▶ [WHAT TO PRODUCE]:
Wherever pictures appear in the listing below, leave them out, and copy exactly, and only, everything from the line with "Handgefertigt aus Stoffresten" down to the line with "земельный участок с".

** DATA PROVIDED follows **

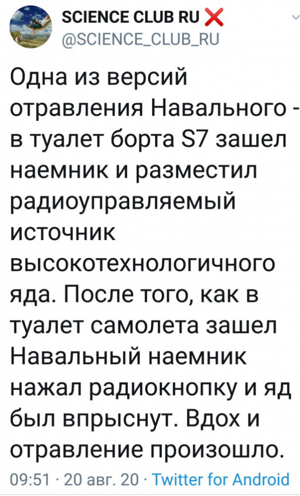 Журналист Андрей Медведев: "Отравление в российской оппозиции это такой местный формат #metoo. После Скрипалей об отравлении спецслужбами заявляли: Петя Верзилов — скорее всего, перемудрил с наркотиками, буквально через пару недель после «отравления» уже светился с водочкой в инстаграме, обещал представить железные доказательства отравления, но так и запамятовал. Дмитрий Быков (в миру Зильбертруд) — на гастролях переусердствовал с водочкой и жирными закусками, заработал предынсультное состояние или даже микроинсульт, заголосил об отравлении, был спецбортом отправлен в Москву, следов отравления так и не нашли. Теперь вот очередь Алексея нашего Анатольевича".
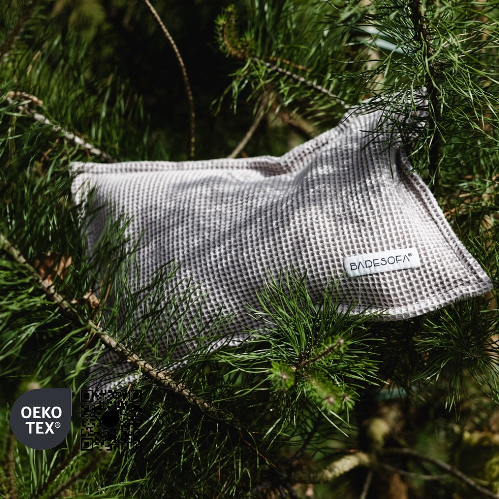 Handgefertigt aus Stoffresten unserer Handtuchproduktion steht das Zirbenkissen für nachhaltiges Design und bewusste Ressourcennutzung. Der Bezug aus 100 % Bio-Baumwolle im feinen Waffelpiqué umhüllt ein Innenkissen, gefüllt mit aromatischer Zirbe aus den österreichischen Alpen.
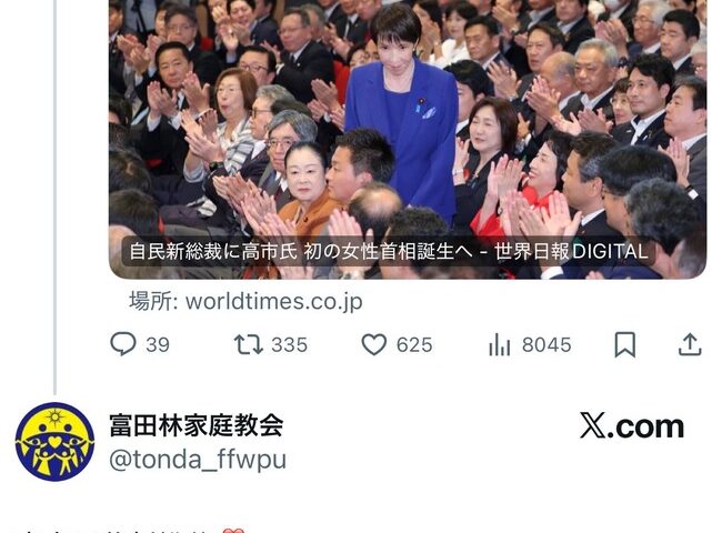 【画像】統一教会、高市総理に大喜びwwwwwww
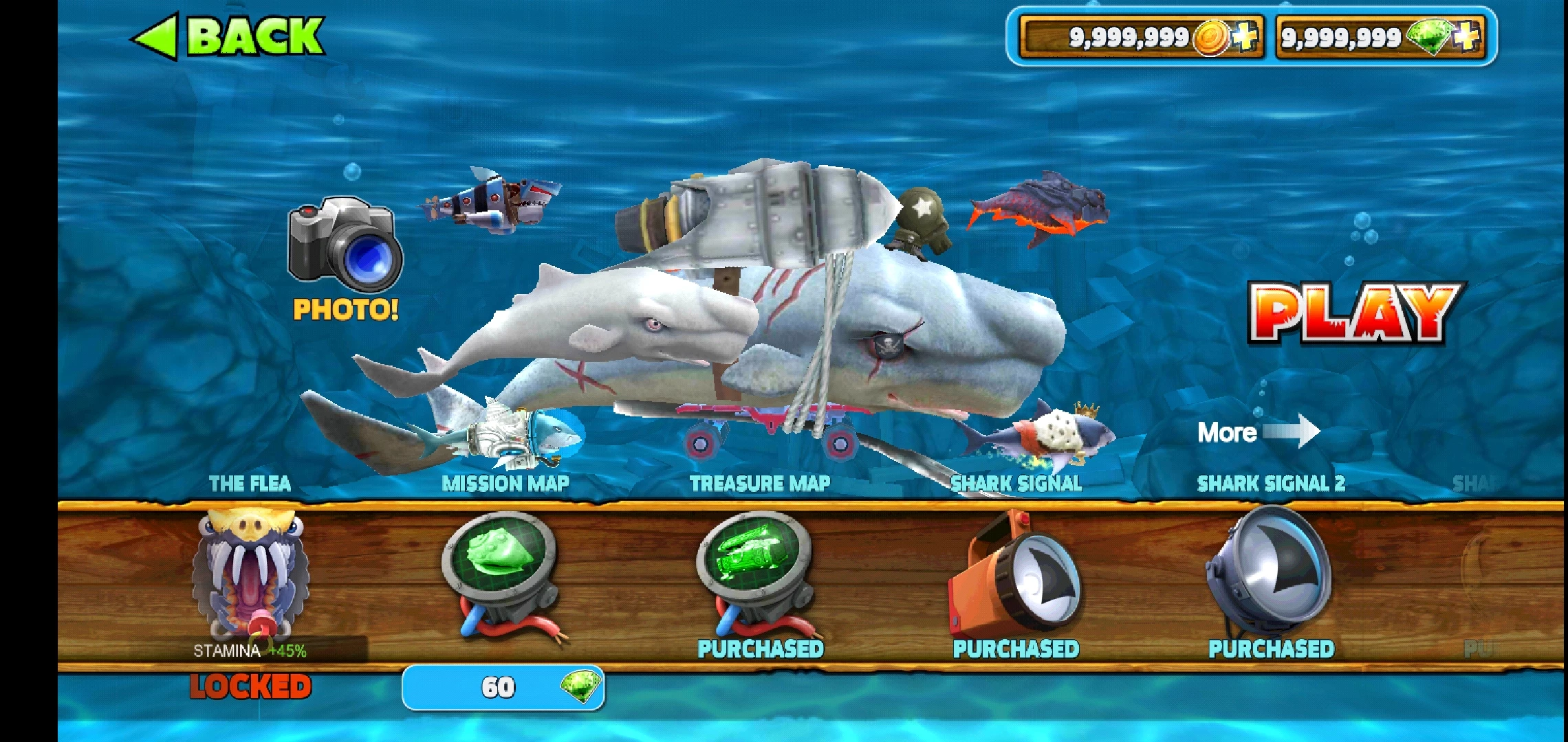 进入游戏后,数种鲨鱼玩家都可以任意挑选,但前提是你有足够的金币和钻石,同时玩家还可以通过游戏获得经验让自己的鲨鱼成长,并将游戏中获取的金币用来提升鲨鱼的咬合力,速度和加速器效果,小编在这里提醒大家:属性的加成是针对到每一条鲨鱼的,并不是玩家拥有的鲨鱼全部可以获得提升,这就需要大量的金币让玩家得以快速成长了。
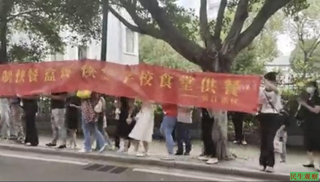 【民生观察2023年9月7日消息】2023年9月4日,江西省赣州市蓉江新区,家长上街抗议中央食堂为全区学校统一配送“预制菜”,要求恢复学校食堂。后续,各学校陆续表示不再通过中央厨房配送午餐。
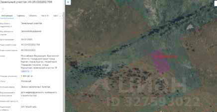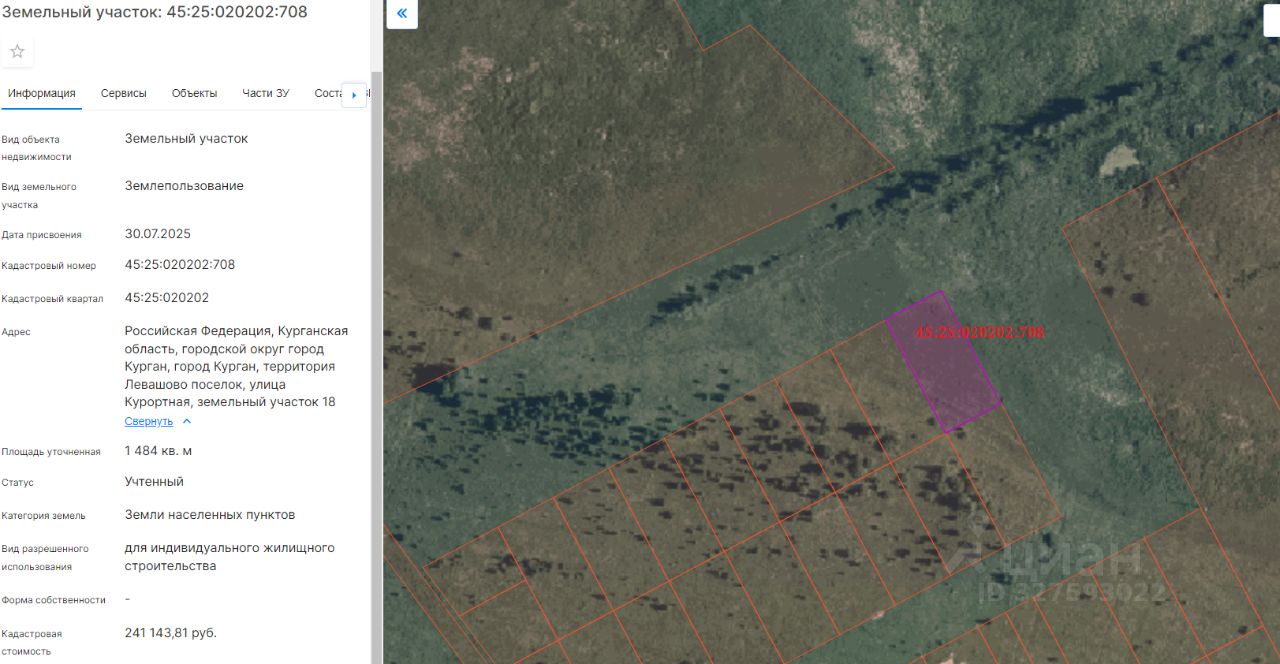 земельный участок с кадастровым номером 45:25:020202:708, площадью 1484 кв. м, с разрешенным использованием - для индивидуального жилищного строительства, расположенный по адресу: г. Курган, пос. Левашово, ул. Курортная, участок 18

** End of DATA PROVIDED **
** DATA PROVIDED follows **

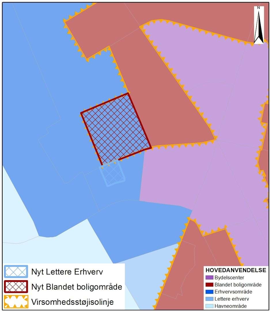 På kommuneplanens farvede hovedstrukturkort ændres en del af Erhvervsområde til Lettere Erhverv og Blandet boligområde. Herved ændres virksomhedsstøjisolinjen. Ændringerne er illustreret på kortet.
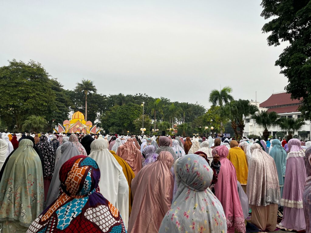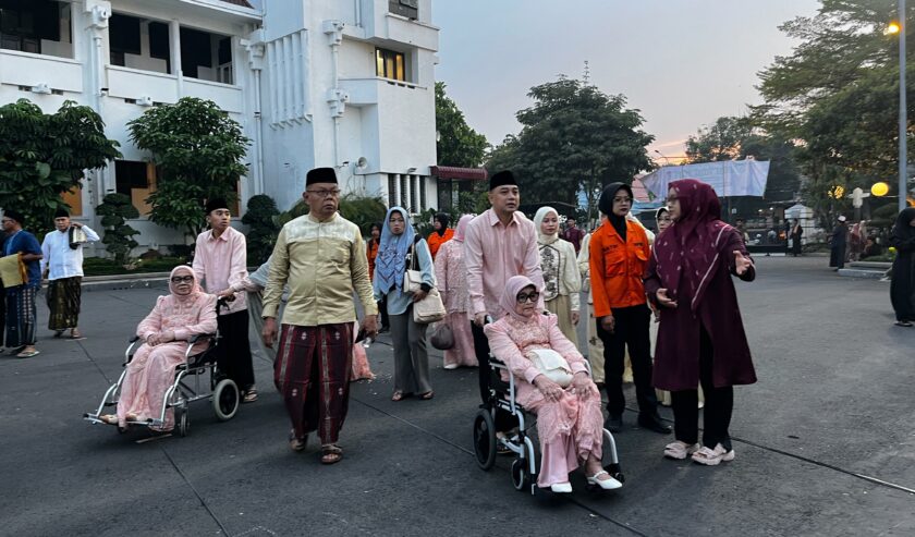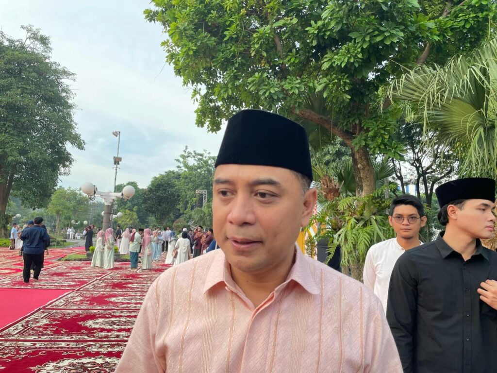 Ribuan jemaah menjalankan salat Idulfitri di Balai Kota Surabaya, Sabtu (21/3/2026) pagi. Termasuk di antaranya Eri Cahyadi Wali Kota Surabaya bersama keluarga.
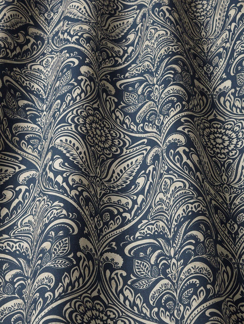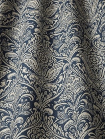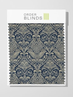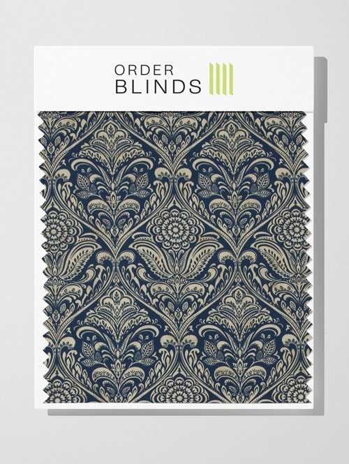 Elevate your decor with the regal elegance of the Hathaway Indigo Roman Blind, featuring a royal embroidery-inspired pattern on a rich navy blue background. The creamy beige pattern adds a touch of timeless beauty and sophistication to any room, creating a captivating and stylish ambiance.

** End of DATA PROVIDED **

▶ [ANSWER TO THE EXERCISE]:
 Handgefertigt aus Stoffresten unserer Handtuchproduktion steht das Zirbenkissen für nachhaltiges Design und bewusste Ressourcennutzung. Der Bezug aus 100 % Bio-Baumwolle im feinen Waffelpiqué umhüllt ein Innenkissen, gefüllt mit aromatischer Zirbe aus den österreichischen Alpen.
 【画像】統一教会、高市総理に大喜びwwwwwww
 进入游戏后,数种鲨鱼玩家都可以任意挑选,但前提是你有足够的金币和钻石,同时玩家还可以通过游戏获得经验让自己的鲨鱼成长,并将游戏中获取的金币用来提升鲨鱼的咬合力,速度和加速器效果,小编在这里提醒大家:属性的加成是针对到每一条鲨鱼的,并不是玩家拥有的鲨鱼全部可以获得提升,这就需要大量的金币让玩家得以快速成长了。
 【民生观察2023年9月7日消息】2023年9月4日,江西省赣州市蓉江新区,家长上街抗议中央食堂为全区学校统一配送“预制菜”,要求恢复学校食堂。后续,各学校陆续表示不再通过中央厨房配送午餐。
 земельный участок с кадастровым номером 45:25:020202:708, площадью 1484 кв. м, с разрешенным использованием - для индивидуального жилищного строительства, расположенный по адресу: г. Курган, пос. Левашово, ул. Курортная, участок 18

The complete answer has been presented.